[SOLVED] Strange Proxmox crash/freeze

Zwickor

New Member
Dec 17, 2024
3
0
1
Hi I am running Proxmox on a HP Elitedesk G5. Sadly I have some issues. After a few hours of use, randomly, I cannot access the web GUI anymore. Sadly SSH access wont work as well! So it seems Proxmox crashed. Proxmox is still pingable! Running VMs are still accessible and pingable! A few minutes later, the Windows 11 VM "crashed" as well, the other LXC are still working.

Logs dont show anything, since after Proxmox is not accessible anymore, nothing is written in the logs!

I dont know what to do. Any ideas? I was running Proxmox on a M720q before without any problems. OFC I setup everything new. No errors in the logs, before the crashes or on boot. Any ideas?
 
Hi,
sounds like your HP Elitedesk G5 is having an issue. Refurbished hardware?

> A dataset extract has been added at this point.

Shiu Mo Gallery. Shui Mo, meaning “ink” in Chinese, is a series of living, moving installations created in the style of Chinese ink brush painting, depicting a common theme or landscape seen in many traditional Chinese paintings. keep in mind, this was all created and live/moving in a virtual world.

Sadly SSH access wont work as well!
What is your network setup?
cat /etc/network/interfaces

I dont know what to do.

connect with a local keyboard and screen, and log in manually and check your network stack.
Check why SSHD is not available anymore.
Check your network stack.
Restart your network stack.
 
Code:
auto lo
iface lo inet loopback

iface eno1 inet manual

auto vmbr0
iface vmbr0 inet static
        address 192.168.6.15/24
        gateway 192.168.6.1
        bridge-ports eno1
        bridge-stp off
        bridge-fd 0


source /etc/network/interfaces.d/*

Checking with local screen is a good idea, try to do that the next "freeze" - Something that concerns me is, that nothing is written in the logfiles.

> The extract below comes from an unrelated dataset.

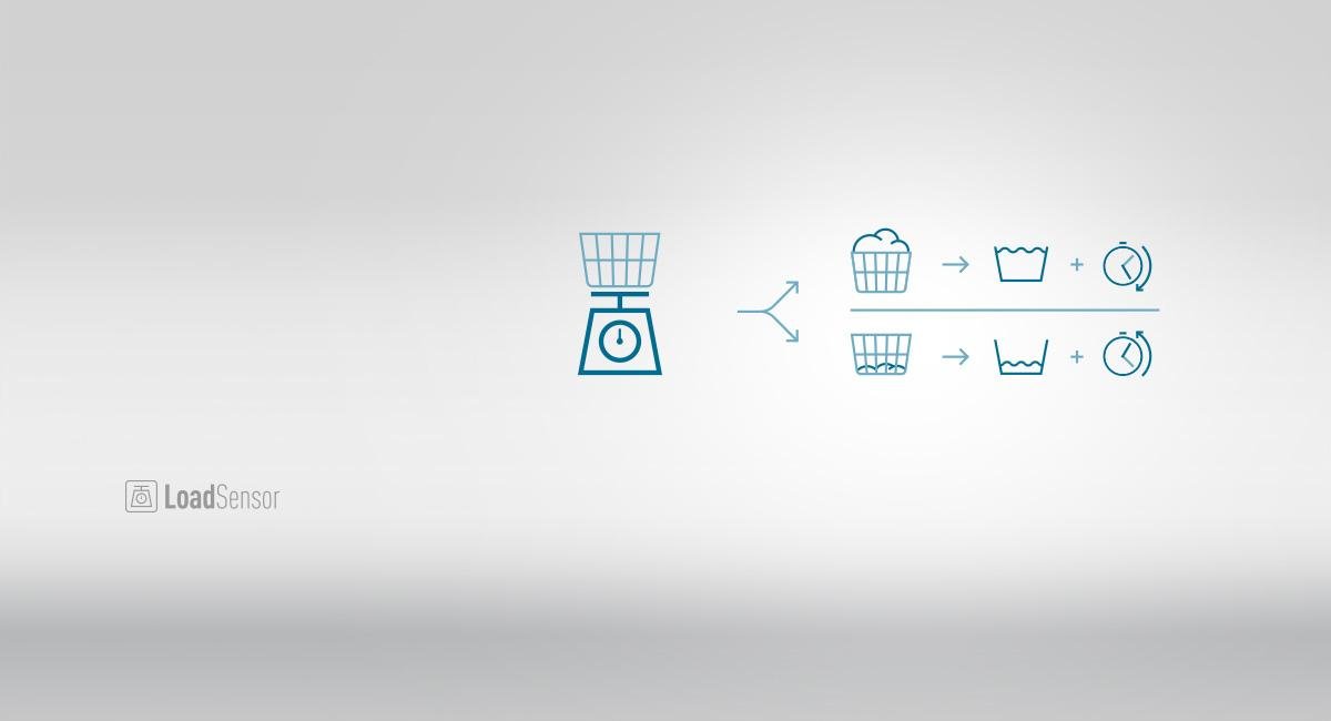 Czujnik wsadu wykrywa wielkość wsadu i reguluje poziom wody dodawanej w celu zapewnienia optymalnych wyników oraz idealnego poziomu zużycia energii i wody. Wraz ze wzrostem wielkości wsadu wzrasta zużycie wody i długość cyklu.

And yes refurbished hardware
 
Last edited:
Something that concerns me is, that nothing is written in the logfiles.
Can you watch journalctl -f -p warning before and during the freeze? Use a separate window (or a screen/tmux-session via ssh) for this.
 
After further investigation, I discovered that the system goes into "Read Only" mode. This also explains why no more logs are being written and why the VMs are gradually crashing. Upon further research, I came across THIS thread. Setting ASPM=off solves the problem but causes the idle power consumption to increase exorbitantly. I have now replaced the NVMe drive, and everything is functioning as desired.

Probably, there are sometimes issues with a specific combination of Proxmox, motherboard/BIOS, and the SSD being used. The SSD itself is not defective. In the previous system with Proxmox, it ran absolutely without any problems.
 
Last edited: